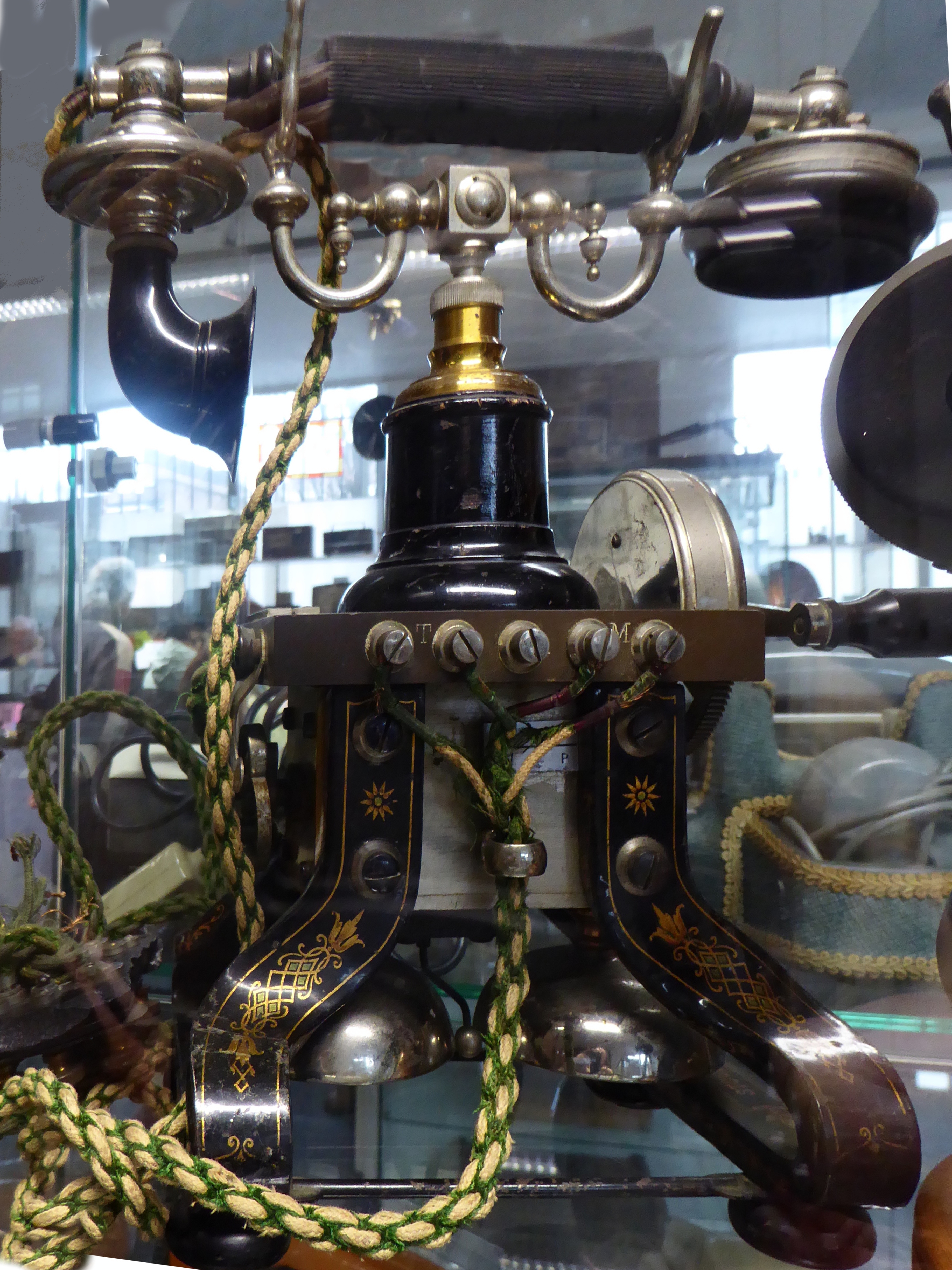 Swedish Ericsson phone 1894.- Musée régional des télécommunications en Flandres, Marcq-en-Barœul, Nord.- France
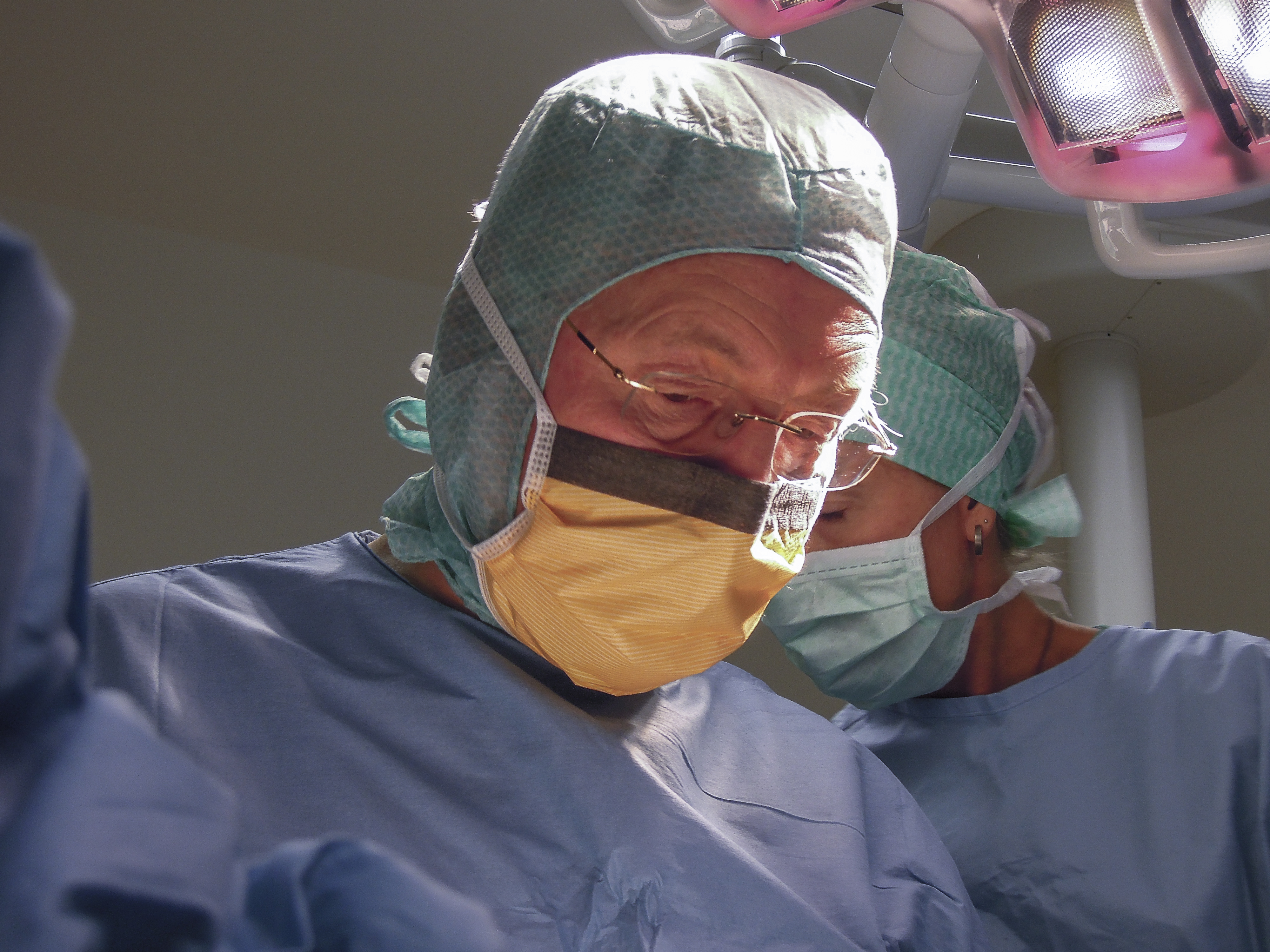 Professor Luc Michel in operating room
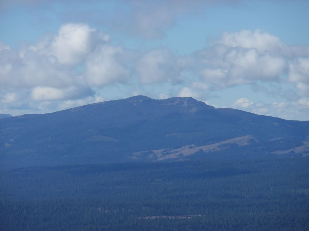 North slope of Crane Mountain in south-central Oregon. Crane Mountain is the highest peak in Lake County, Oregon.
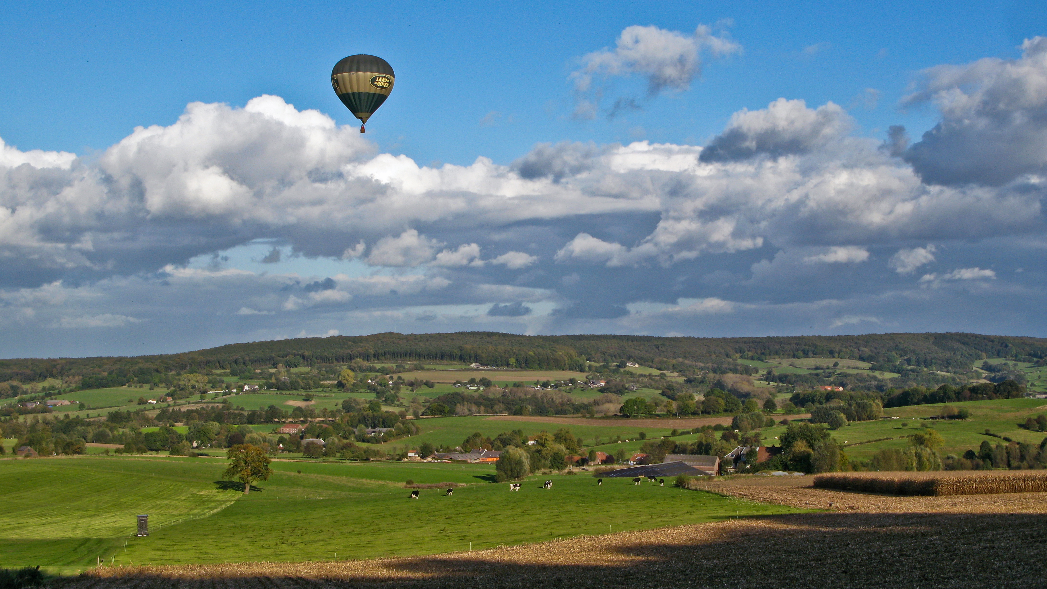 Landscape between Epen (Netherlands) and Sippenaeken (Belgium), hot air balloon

• Assigned task:
Exactly the lines from the line with "North slope of" through the end of the data are to be reproduced, and no picture is to be included.

• Answer to this task:
 North slope of Crane Mountain in south-central Oregon. Crane Mountain is the highest peak in Lake County, Oregon.
 Landscape between Epen (Netherlands) and Sippenaeken (Belgium), hot air balloon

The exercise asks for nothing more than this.